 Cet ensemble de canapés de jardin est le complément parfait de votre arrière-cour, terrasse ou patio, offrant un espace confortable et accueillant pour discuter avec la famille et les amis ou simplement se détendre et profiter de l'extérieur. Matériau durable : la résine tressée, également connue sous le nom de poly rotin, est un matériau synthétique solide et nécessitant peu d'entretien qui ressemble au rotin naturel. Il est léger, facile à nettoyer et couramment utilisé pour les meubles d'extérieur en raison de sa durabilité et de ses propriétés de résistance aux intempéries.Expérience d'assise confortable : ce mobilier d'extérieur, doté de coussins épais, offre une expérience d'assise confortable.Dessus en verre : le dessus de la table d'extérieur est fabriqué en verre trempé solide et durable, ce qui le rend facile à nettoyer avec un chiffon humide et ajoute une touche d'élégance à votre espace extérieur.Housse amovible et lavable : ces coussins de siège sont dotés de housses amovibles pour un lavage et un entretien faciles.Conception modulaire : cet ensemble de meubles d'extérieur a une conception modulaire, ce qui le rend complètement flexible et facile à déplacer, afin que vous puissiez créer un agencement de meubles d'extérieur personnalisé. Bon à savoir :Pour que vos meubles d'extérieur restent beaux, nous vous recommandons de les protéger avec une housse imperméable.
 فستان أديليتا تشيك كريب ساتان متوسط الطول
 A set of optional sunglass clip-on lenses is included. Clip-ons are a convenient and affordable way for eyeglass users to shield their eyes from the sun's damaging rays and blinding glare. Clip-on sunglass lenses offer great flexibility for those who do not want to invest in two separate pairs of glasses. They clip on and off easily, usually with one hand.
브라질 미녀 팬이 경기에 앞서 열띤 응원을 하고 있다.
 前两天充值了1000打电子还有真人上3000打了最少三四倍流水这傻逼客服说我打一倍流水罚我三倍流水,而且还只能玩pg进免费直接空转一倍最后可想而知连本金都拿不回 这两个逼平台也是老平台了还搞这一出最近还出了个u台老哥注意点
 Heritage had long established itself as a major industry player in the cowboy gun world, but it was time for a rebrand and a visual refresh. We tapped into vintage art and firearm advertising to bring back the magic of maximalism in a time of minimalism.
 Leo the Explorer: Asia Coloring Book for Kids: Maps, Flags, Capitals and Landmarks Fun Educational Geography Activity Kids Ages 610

········

WHAT YOU HAVE TO DO
All that should be written out is the stretch of lines above between the one holding "فستان أديليتا تشيك كريب ساتان متوسط الطول" and the one holding "브라질 미녀 팬이 경기에 앞서 열띤 응원을 하고 있다.", inclusive, exactly as given.

OUTPUT OF THE EXERCISE
 فستان أديليتا تشيك كريب ساتان متوسط الطول
 A set of optional sunglass clip-on lenses is included. Clip-ons are a convenient and affordable way for eyeglass users to shield their eyes from the sun's damaging rays and blinding glare. Clip-on sunglass lenses offer great flexibility for those who do not want to invest in two separate pairs of glasses. They clip on and off easily, usually with one hand.
브라질 미녀 팬이 경기에 앞서 열띤 응원을 하고 있다.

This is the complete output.